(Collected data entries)

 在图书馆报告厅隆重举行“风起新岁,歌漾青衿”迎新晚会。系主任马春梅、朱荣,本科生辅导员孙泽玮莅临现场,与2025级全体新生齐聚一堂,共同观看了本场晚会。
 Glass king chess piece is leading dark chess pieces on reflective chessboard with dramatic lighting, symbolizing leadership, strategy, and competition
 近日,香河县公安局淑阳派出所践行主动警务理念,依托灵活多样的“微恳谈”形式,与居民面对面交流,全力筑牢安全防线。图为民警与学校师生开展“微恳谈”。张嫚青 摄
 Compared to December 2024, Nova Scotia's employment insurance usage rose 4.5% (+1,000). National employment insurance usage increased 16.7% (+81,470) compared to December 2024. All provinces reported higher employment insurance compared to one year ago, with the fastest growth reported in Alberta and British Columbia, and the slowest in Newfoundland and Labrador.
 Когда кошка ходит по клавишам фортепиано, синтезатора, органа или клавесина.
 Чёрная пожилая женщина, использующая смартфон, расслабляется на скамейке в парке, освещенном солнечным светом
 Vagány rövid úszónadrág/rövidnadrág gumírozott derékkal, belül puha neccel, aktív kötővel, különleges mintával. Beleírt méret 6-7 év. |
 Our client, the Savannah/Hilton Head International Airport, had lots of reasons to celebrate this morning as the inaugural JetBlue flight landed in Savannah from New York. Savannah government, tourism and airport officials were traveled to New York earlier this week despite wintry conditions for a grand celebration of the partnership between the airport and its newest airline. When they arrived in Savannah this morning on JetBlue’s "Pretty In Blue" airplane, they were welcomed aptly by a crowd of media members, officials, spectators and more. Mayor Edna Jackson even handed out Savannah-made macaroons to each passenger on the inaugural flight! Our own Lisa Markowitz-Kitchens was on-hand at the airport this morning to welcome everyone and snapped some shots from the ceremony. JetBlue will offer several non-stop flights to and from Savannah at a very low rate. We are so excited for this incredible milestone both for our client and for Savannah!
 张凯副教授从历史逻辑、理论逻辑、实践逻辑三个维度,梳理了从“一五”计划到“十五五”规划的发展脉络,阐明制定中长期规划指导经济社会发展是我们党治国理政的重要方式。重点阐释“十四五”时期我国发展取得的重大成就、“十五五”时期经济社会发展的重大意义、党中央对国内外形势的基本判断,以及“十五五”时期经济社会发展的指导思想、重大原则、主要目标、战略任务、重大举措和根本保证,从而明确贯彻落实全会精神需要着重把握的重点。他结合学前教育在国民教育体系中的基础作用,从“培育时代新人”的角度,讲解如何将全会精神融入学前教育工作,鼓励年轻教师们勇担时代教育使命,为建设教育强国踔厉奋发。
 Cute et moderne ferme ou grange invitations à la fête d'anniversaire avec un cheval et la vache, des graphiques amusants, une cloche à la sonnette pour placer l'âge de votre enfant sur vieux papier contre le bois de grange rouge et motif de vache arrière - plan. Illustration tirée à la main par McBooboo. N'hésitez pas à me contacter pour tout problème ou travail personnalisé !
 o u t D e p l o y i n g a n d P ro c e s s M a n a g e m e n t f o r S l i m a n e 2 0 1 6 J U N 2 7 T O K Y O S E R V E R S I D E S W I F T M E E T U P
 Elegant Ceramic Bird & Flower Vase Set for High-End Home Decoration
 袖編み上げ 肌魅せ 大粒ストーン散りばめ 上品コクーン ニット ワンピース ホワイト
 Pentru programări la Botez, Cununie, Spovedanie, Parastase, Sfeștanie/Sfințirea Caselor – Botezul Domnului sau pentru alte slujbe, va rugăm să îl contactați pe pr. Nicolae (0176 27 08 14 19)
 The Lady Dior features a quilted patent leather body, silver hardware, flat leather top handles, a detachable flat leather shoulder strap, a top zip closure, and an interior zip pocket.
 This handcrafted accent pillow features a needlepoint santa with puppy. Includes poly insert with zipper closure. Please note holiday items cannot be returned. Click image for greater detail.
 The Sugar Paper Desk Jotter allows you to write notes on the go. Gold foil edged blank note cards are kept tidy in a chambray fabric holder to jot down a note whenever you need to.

**Assignment:** The task requires an exact transcription of all the data.

**Exercise answer:**
 在图书馆报告厅隆重举行“风起新岁,歌漾青衿”迎新晚会。系主任马春梅、朱荣,本科生辅导员孙泽玮莅临现场,与2025级全体新生齐聚一堂,共同观看了本场晚会。
 Glass king chess piece is leading dark chess pieces on reflective chessboard with dramatic lighting, symbolizing leadership, strategy, and competition
 近日,香河县公安局淑阳派出所践行主动警务理念,依托灵活多样的“微恳谈”形式,与居民面对面交流,全力筑牢安全防线。图为民警与学校师生开展“微恳谈”。张嫚青 摄
 Compared to December 2024, Nova Scotia's employment insurance usage rose 4.5% (+1,000). National employment insurance usage increased 16.7% (+81,470) compared to December 2024. All provinces reported higher employment insurance compared to one year ago, with the fastest growth reported in Alberta and British Columbia, and the slowest in Newfoundland and Labrador.
 Когда кошка ходит по клавишам фортепиано, синтезатора, органа или клавесина.
 Чёрная пожилая женщина, использующая смартфон, расслабляется на скамейке в парке, освещенном солнечным светом
 Vagány rövid úszónadrág/rövidnadrág gumírozott derékkal, belül puha neccel, aktív kötővel, különleges mintával. Beleírt méret 6-7 év. |
 Our client, the Savannah/Hilton Head International Airport, had lots of reasons to celebrate this morning as the inaugural JetBlue flight landed in Savannah from New York. Savannah government, tourism and airport officials were traveled to New York earlier this week despite wintry conditions for a grand celebration of the partnership between the airport and its newest airline. When they arrived in Savannah this morning on JetBlue’s "Pretty In Blue" airplane, they were welcomed aptly by a crowd of media members, officials, spectators and more. Mayor Edna Jackson even handed out Savannah-made macaroons to each passenger on the inaugural flight! Our own Lisa Markowitz-Kitchens was on-hand at the airport this morning to welcome everyone and snapped some shots from the ceremony. JetBlue will offer several non-stop flights to and from Savannah at a very low rate. We are so excited for this incredible milestone both for our client and for Savannah!
 张凯副教授从历史逻辑、理论逻辑、实践逻辑三个维度,梳理了从“一五”计划到“十五五”规划的发展脉络,阐明制定中长期规划指导经济社会发展是我们党治国理政的重要方式。重点阐释“十四五”时期我国发展取得的重大成就、“十五五”时期经济社会发展的重大意义、党中央对国内外形势的基本判断,以及“十五五”时期经济社会发展的指导思想、重大原则、主要目标、战略任务、重大举措和根本保证,从而明确贯彻落实全会精神需要着重把握的重点。他结合学前教育在国民教育体系中的基础作用,从“培育时代新人”的角度,讲解如何将全会精神融入学前教育工作,鼓励年轻教师们勇担时代教育使命,为建设教育强国踔厉奋发。
 Cute et moderne ferme ou grange invitations à la fête d'anniversaire avec un cheval et la vache, des graphiques amusants, une cloche à la sonnette pour placer l'âge de votre enfant sur vieux papier contre le bois de grange rouge et motif de vache arrière - plan. Illustration tirée à la main par McBooboo. N'hésitez pas à me contacter pour tout problème ou travail personnalisé !
 o u t D e p l o y i n g a n d P ro c e s s M a n a g e m e n t f o r S l i m a n e 2 0 1 6 J U N 2 7 T O K Y O S E R V E R S I D E S W I F T M E E T U P
 Elegant Ceramic Bird & Flower Vase Set for High-End Home Decoration
 袖編み上げ 肌魅せ 大粒ストーン散りばめ 上品コクーン ニット ワンピース ホワイト
 Pentru programări la Botez, Cununie, Spovedanie, Parastase, Sfeștanie/Sfințirea Caselor – Botezul Domnului sau pentru alte slujbe, va rugăm să îl contactați pe pr. Nicolae (0176 27 08 14 19)
 The Lady Dior features a quilted patent leather body, silver hardware, flat leather top handles, a detachable flat leather shoulder strap, a top zip closure, and an interior zip pocket.
 This handcrafted accent pillow features a needlepoint santa with puppy. Includes poly insert with zipper closure. Please note holiday items cannot be returned. Click image for greater detail.
 The Sugar Paper Desk Jotter allows you to write notes on the go. Gold foil edged blank note cards are kept tidy in a chambray fabric holder to jot down a note whenever you need to.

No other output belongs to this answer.